Under this line are records; the part from the line containing "Green Ryalite Tubes" through the line containing "Co do auta, bo" should be repeated exactly. Please exclude pictures.

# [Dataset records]
= Beginning of Section =
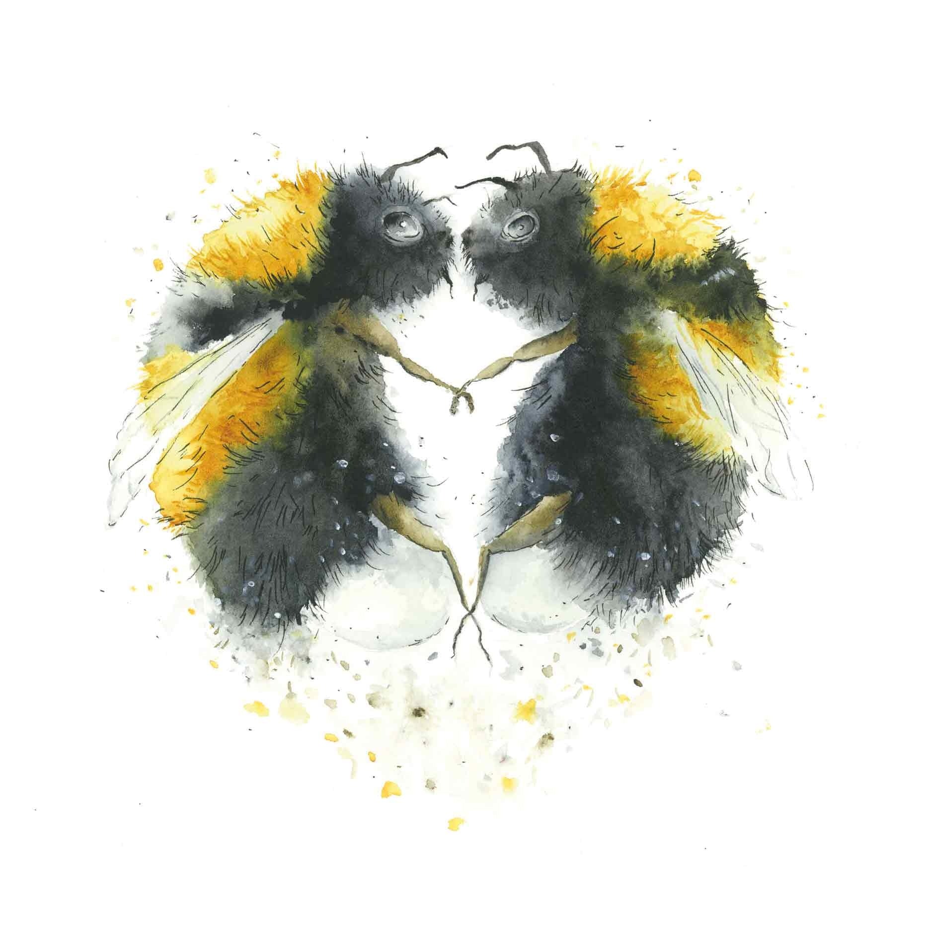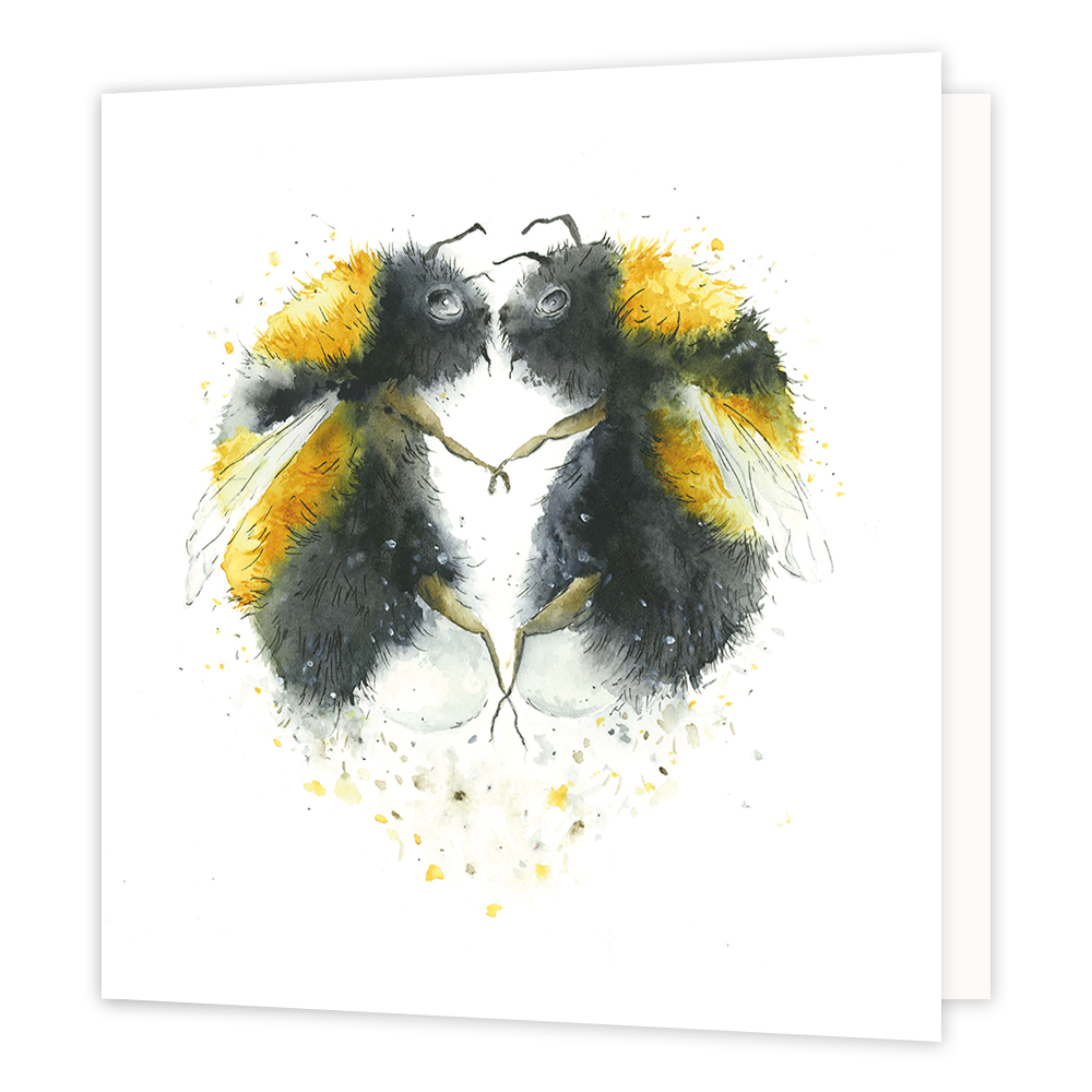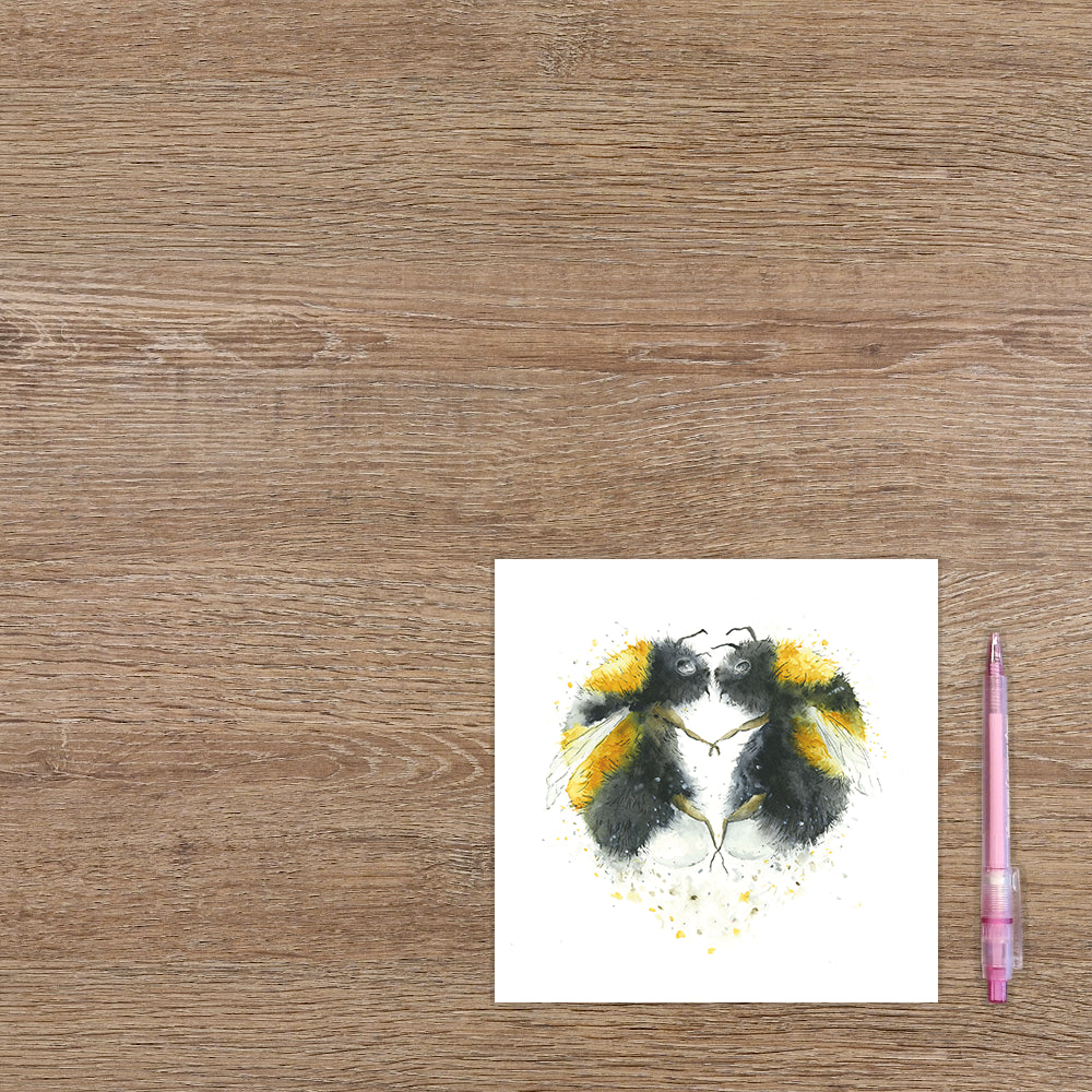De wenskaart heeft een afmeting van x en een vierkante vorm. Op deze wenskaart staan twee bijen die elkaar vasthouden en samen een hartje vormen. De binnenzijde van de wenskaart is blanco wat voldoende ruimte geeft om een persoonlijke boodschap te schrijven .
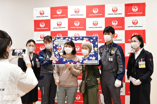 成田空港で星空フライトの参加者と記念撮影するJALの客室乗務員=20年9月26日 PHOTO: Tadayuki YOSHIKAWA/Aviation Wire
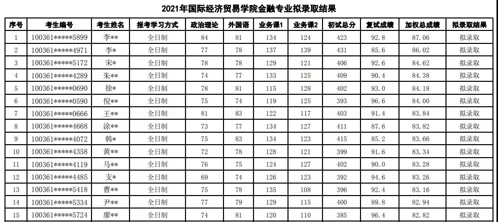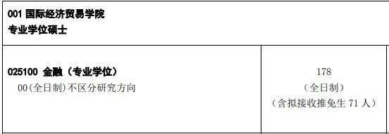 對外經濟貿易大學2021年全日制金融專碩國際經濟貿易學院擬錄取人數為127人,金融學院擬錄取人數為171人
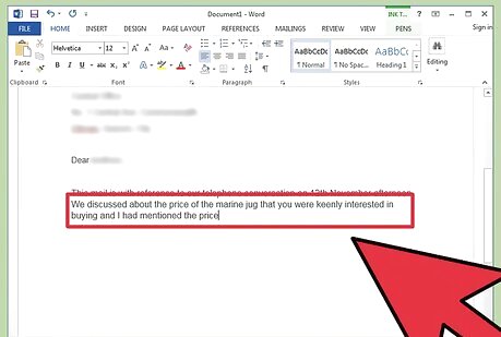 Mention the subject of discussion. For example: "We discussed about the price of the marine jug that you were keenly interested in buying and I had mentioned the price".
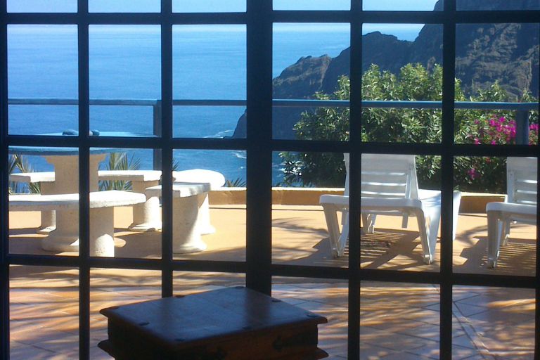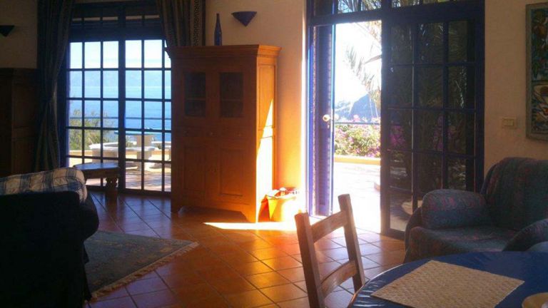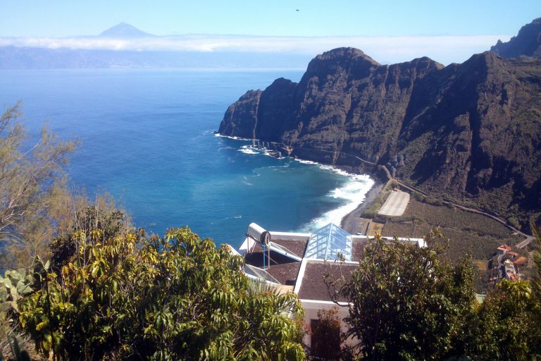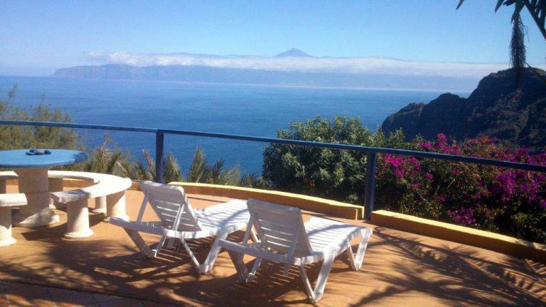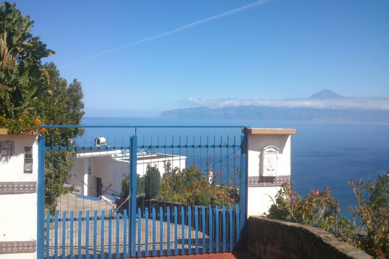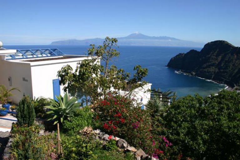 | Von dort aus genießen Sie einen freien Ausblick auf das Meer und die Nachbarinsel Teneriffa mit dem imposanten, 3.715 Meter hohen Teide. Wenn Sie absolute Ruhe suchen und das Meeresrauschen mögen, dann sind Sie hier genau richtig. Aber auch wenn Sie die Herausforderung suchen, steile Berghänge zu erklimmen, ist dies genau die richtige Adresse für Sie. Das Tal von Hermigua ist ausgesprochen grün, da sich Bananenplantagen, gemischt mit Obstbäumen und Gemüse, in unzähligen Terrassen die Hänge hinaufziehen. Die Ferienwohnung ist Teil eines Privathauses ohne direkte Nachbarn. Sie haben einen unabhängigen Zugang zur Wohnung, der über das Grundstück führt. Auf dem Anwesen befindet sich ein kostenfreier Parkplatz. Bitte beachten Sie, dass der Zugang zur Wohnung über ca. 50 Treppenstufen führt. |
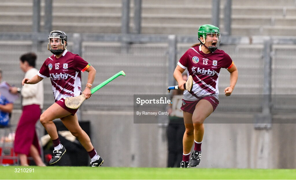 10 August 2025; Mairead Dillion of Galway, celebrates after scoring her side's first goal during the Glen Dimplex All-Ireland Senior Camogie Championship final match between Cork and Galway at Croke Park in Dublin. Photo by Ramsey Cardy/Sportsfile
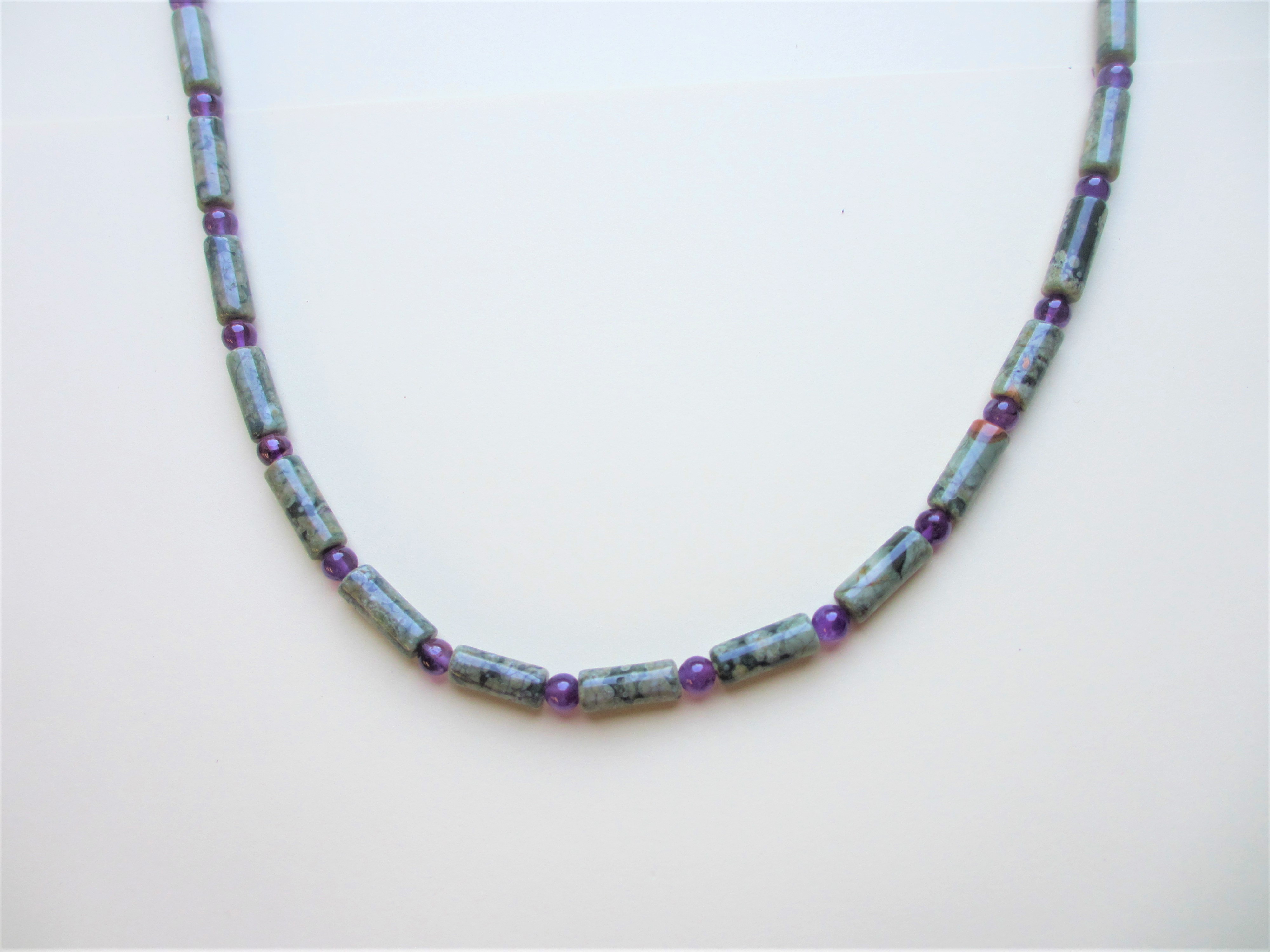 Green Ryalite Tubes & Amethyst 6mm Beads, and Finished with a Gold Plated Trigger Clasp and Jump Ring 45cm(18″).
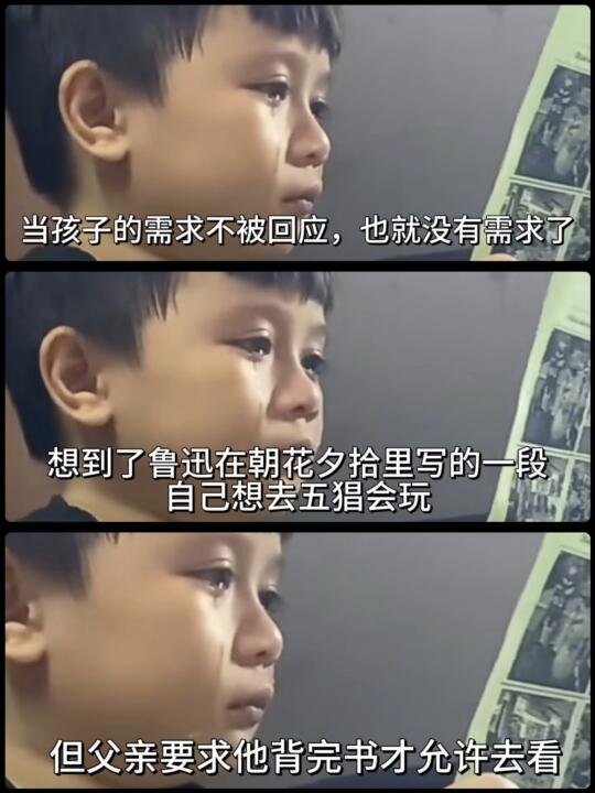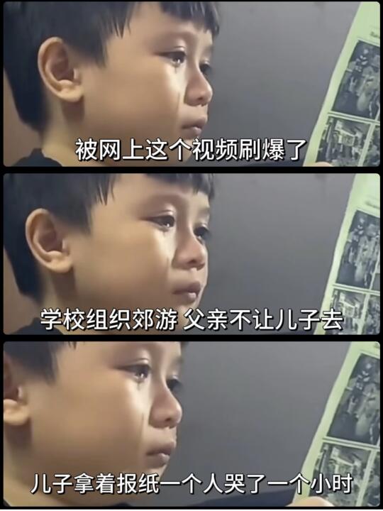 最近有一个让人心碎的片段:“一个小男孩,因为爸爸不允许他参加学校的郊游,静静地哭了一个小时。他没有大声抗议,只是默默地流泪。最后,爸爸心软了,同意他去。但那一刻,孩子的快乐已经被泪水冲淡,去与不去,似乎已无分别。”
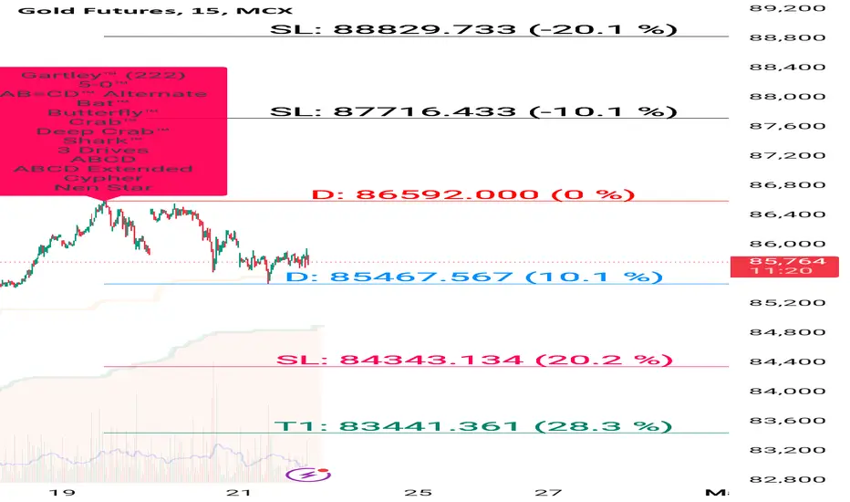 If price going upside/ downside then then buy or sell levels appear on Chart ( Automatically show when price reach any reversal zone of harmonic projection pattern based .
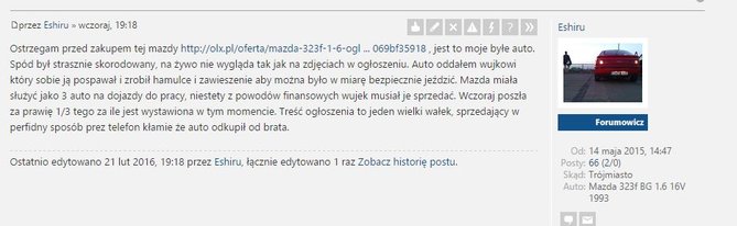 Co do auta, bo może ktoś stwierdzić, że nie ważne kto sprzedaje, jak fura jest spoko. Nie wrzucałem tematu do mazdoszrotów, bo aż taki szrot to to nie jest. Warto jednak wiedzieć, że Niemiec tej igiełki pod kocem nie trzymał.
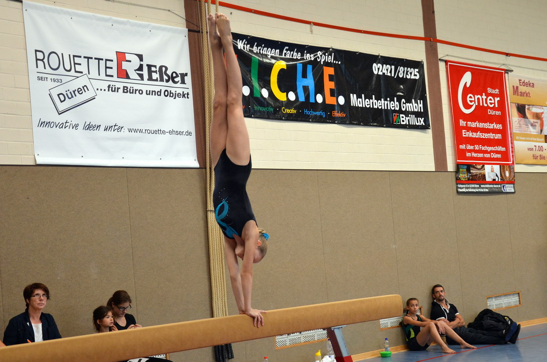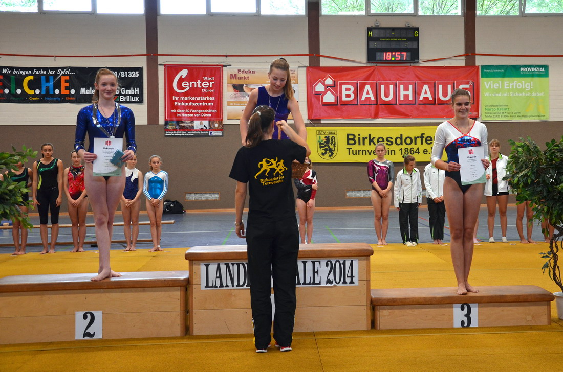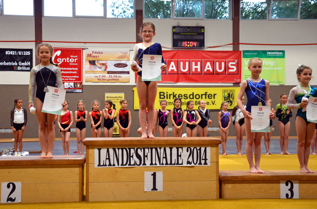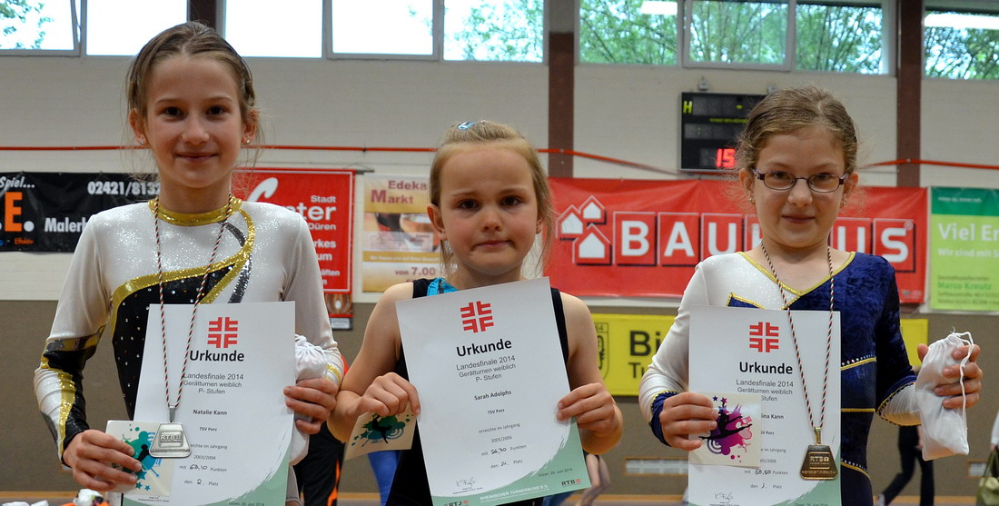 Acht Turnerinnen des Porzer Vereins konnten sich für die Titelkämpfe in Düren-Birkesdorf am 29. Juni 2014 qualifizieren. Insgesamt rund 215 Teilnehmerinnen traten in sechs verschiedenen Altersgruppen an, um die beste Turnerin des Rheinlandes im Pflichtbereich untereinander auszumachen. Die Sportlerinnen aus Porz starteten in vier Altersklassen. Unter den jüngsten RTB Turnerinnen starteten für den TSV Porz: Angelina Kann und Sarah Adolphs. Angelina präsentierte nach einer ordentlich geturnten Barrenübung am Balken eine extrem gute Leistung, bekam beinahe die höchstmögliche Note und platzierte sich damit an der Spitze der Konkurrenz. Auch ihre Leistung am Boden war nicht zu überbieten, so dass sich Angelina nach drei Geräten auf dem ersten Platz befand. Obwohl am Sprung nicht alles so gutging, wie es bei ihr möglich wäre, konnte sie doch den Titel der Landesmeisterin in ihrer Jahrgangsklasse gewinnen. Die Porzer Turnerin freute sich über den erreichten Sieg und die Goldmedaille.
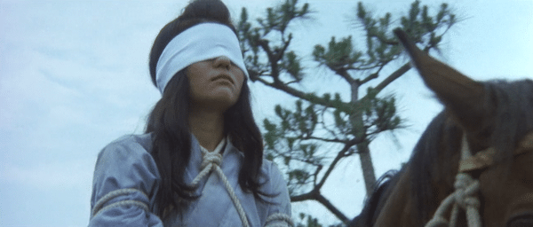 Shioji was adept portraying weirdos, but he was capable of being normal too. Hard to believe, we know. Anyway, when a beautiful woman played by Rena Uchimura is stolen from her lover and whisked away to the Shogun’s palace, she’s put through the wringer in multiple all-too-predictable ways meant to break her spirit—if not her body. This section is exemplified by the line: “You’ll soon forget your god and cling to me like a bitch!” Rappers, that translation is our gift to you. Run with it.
= End of Section =
# [Solution to the exercise]
 Green Ryalite Tubes & Amethyst 6mm Beads, and Finished with a Gold Plated Trigger Clasp and Jump Ring 45cm(18″).
 最近有一个让人心碎的片段:“一个小男孩,因为爸爸不允许他参加学校的郊游,静静地哭了一个小时。他没有大声抗议,只是默默地流泪。最后,爸爸心软了,同意他去。但那一刻,孩子的快乐已经被泪水冲淡,去与不去,似乎已无分别。”
 If price going upside/ downside then then buy or sell levels appear on Chart ( Automatically show when price reach any reversal zone of harmonic projection pattern based .
 Co do auta, bo może ktoś stwierdzić, że nie ważne kto sprzedaje, jak fura jest spoko. Nie wrzucałem tematu do mazdoszrotów, bo aż taki szrot to to nie jest. Warto jednak wiedzieć, że Niemiec tej igiełki pod kocem nie trzymał.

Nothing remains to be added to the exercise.